Usually it was kept in the closet until donation... occasionally it was re-gifted.

I remember going through my gloom-rock phase and wore a lot of black from like 17-22 years old... then I got over it. Well into my 40's, my Mom would buy me something that would excite a teenage goth, and say, "I know you like black"... and everyone in the room would say in unison, "20 years ago".
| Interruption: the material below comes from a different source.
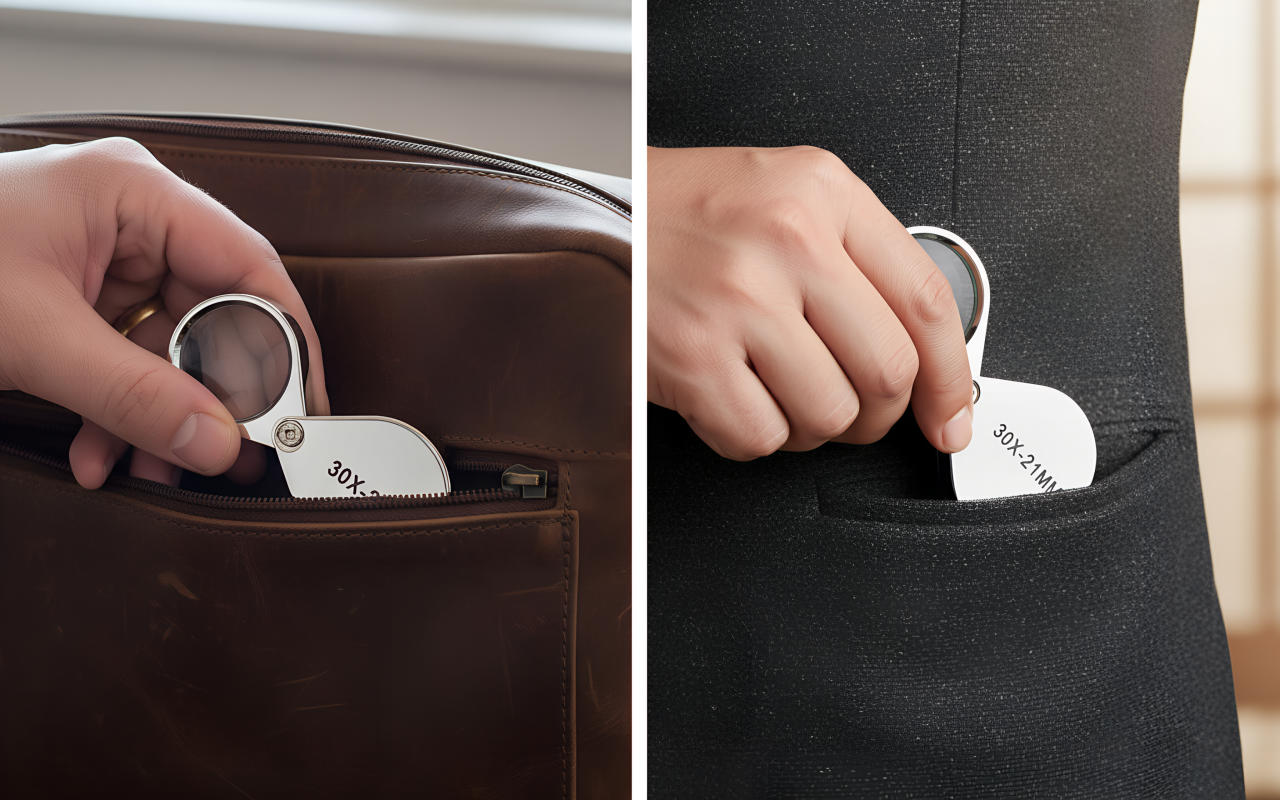 Lett ramme glir enkelt ned i enhver lomme eller pose. Du har alltid kraftig forstørrelse tilgjengelig uansett hvor du går.

On clothes, I basically had two rules: cotton with short sleeves and no sweaters. In the last few years, I've learned that some synthetics aren't all bad -- like for speedos or gym clothes. And a decade ago, I was willing to make an exception for Tommy Bahama's silk golf shirts. Very slowly, I've come around to allowing thermal style long sleeves (or sweatshirts), though they are close to sweaters. Still, yearly, I'd get something in small polyester (when I weighed 220) because it was on-sale... and about every other year I'd get a sweater -- that I'd NEVER wear.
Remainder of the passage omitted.